Downtown Los Angeles skyline keeps evolving

Downtown Los Angeles skyline keeps evolving
In 1951, the 27-story Los Angeles City Hall dominated the downtown L.A. skyline because a strict height limit — 13 stories or 150 feet — had been imposed in the early 1900s to give the city “harmonious lines.” Critics said it saddled downtown with an uninspired skyline. (Ellis R. Bosworth, Associated Press)

Downtown Los Angeles' skyline is poised to change dramatically in the next few years with the addition of several buildings, including the New Wilshire Grand hotel and office project.

With a spire that will make the edifice L.A.'s tallest — at 1,100 feet — the Wilshire Grand will be slightly taller than the U.S. Bank Tower, currently the tallest building west of the Mississippi.


A cluster of high-rise buildings also is planned for the South Park area around Staples Center.

For decades, L.A.'s skyscrapers have had a decidedly boxy style because of requirements that they have emergency helicopter landing pads on top. That code was changed last year, and some architecture buffs hope to see more creative designs in the future.

The Times long has taken the measure of the Los Angeles skyline, as seen from the observation deck of City Hall. Here's how it has evolved:


This photo shows the famously flat L.A. skyline of yesteryear. A strict height limit — 13 stories or 150 feet — was imposed in the early 1900s to give the city "harmonious lines." But critics said it saddled downtown with an uninspired skyline. Only City Hall, at 27 stories, broke through the height limit thanks to an exemption for public buildings.

The tall building in the background with the distinctive tower is the Richfield Oil Co. Building. For years it was the dominant downtown structure, with its neon-lighted mast (meant to look like an oil well) glowing at night for all to see. Considered a landmark of Art Deco architecture, the building was demolished in the 1970s and replaced by the Arco twin towers. The massive, ornate Richfield elevator doors remain on display outside the towers.

At the upper right is Bunker Hill, then a slightly run-down but beloved residential area. It soon would be bulldozed to extend L.A.'s skyline.


This shows the beginnings of the new downtown. After voters killed the building height limit, taller structures started appearing. Among the first were the Union Bank Tower off the 110 Freeway and the Crocker-Citizens National Bank building on Grand Avenue. The Arco twin towers followed.

For many years, the tallest building in L.A. was the 62-story United California Bank tower on Wilshire Boulevard (it was known as the First Interstate Bank building when a deadly fire erupted there in 1988, and now is called the Aon Center). But the most talked-about building in downtown during this era was the Bonaventure Hotel, with its five cylindrical towers and space-age outdoor elevators.

By then, Bunker Hill was flattened and ready for more high-rise development.
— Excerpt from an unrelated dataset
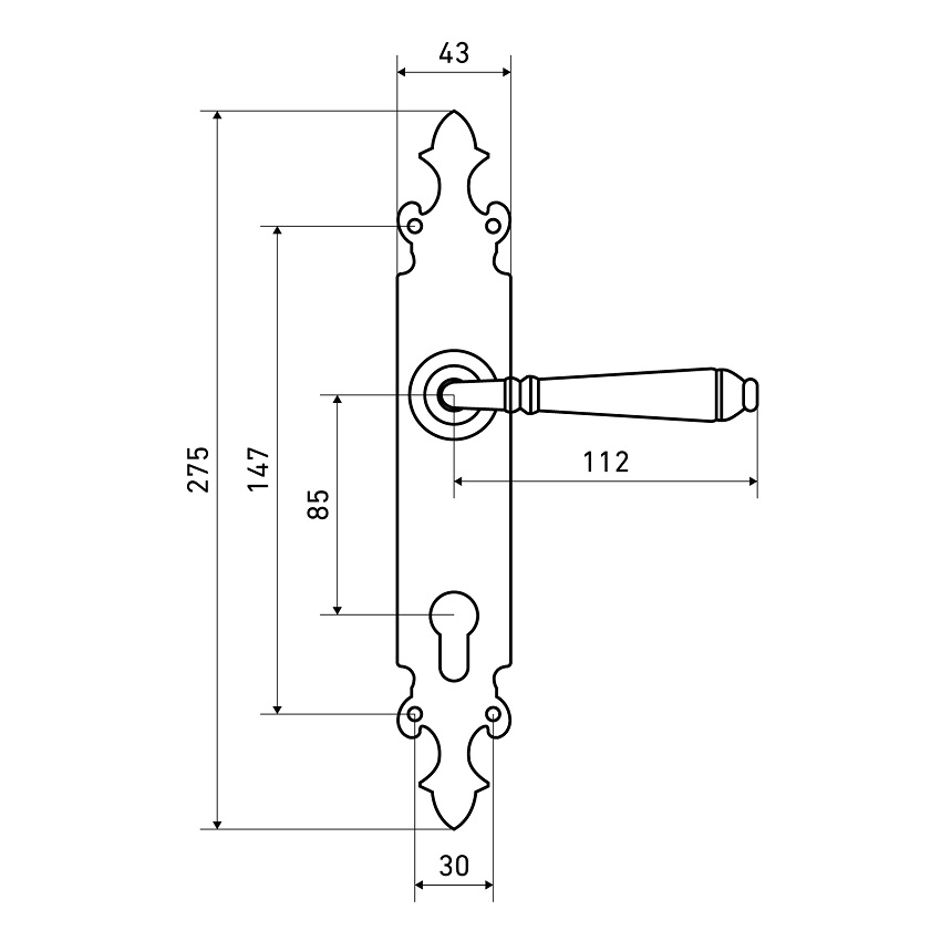 Ручка на планке под замок и цилиндровый механизм. Материал - алюминиевый сплав, сталь. Межосевое расстояние - 85 мм, размеры планки - 43 х 275 мм, длина ручки - 135 мм. В комплект входят винтовые стяжки и квадратный штырь (8х8 мм) 105 мм. Для дверей, толщиной 35-45 мм.

These days, newer towers obscure much of the 1979 skyline from the vantage point of City Hall. Bunker Hill is close to being built out, with attractions that include Walt Disney Concert Hall. Beyond the cluster of skyscrapers that dominate the view is the new development in the Staples Center area, including the L.A. Live complex and various residential towers. Gone in the lower right is the old state building; nearby, construction is underway on a new federal courthouse.

Some other notable additions are, to the left along Spring Street are the Los Angeles Police Department headquarters and the sprawling Ronald Reagan State Building complex.



Jan. 2, 10:03 a.m.: An earlier version of this article referred to the Ronald Reagan Federal Building. It is the Ronald Reagan State Building.


Two of L.A.'s original skyscrapers — the AT&T building on the south side and the Union Bank tower — were "re-skinned" to give them a more modern look.